If that goes well, you can then move on to chatting about your respective dogs as they wag their tails and inspect each other’s orifices.

This is where the diplomacy comes in: “Hi there, that’s an impressive/magnificent/cute dog you’ve got, hope he’s not hungry hahaha, my dog would barely make a light snack for a brute like that!”

Or something like: “Wow! What a wonderful woolly jacket your dog’s wearing!? Did you knit it yourself? I might have to get one for my dog!”

Then comes an exchange of guess-the-breed, which rarely goes smoothly. A wrong assessment of a dog’s heritage can launch a whole debate about the origin of the species.

My own dog’s origins are vague: Sicilian street dog, elements of Cirneco dell’Etna (Google it: looks scary) but with softer, friendlier facial features and big floppy ears.

He wouldn’t wilfully harm a fly, but he would sniff and lick it to death, and he also barks very loudly at anything that looks remotely like a wolf.

That includes a huge but totally benign white beast, which I would categorise as a hairy, vulpine Labrador. His owner and I often stop for a chat, but it’s a fraught affair, conducted at shouting distance to avoid the dogs getting too close for comfort.

And when dogs do get too close for comfort, even friendly ones, it often ends with sniffed bottoms, entwined leads, and owners bent double, as they try to entangle the pets without accidentally engaging in intimate physical contact.

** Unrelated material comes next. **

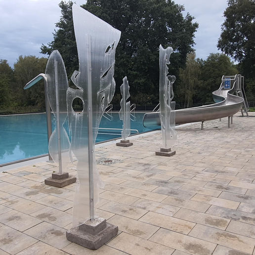 Über den Beckenrand, Ausstellung im öffentlichen Raum, Freibad Kiebitzberge, Kleinmachnow
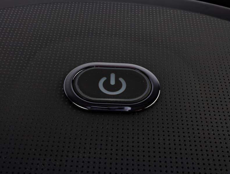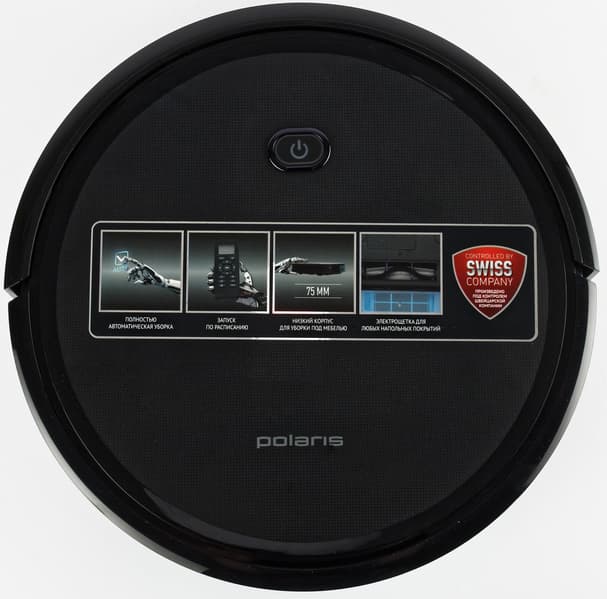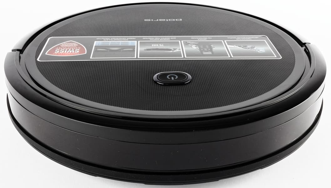 Верхняя панель робота-пылесоса Polaris PVCR-1026 выглядит просто, но изящно: ее покрытие сделано из приятной на ощупь мелкоячеистой пластиковой сетки, под которой расположена подложка с легким зеркальным эффектом. На панели есть только кнопка управления устройством и логотип производителя.

Ultimately, we dog walkers are at the beck and call of our pets. But that’s not how it should be. Right now, a group of us are fighting a cloak and dagger battle with unseen forces to safeguard a rather nice park where our doggy chums can run free, unleashed. Lately, someone, some authority, has planted signs indicating that dogs must be kept on leads.

All of us are rebelling. One of us, and it’s not me, has started taking the signs now and placing them, carefully, face-down in the park. But every couple of days, they mysteriously are back in place.

So for the moment, the dogs run free, as free as the wind blows, chasing sticks and barking up the wrong trees, while one of us keeps an eye out for the dog squad.

For the moment, there is a paws, but a reckoning is coming. And when it does, diplomacy, of the highest calibre, will be required.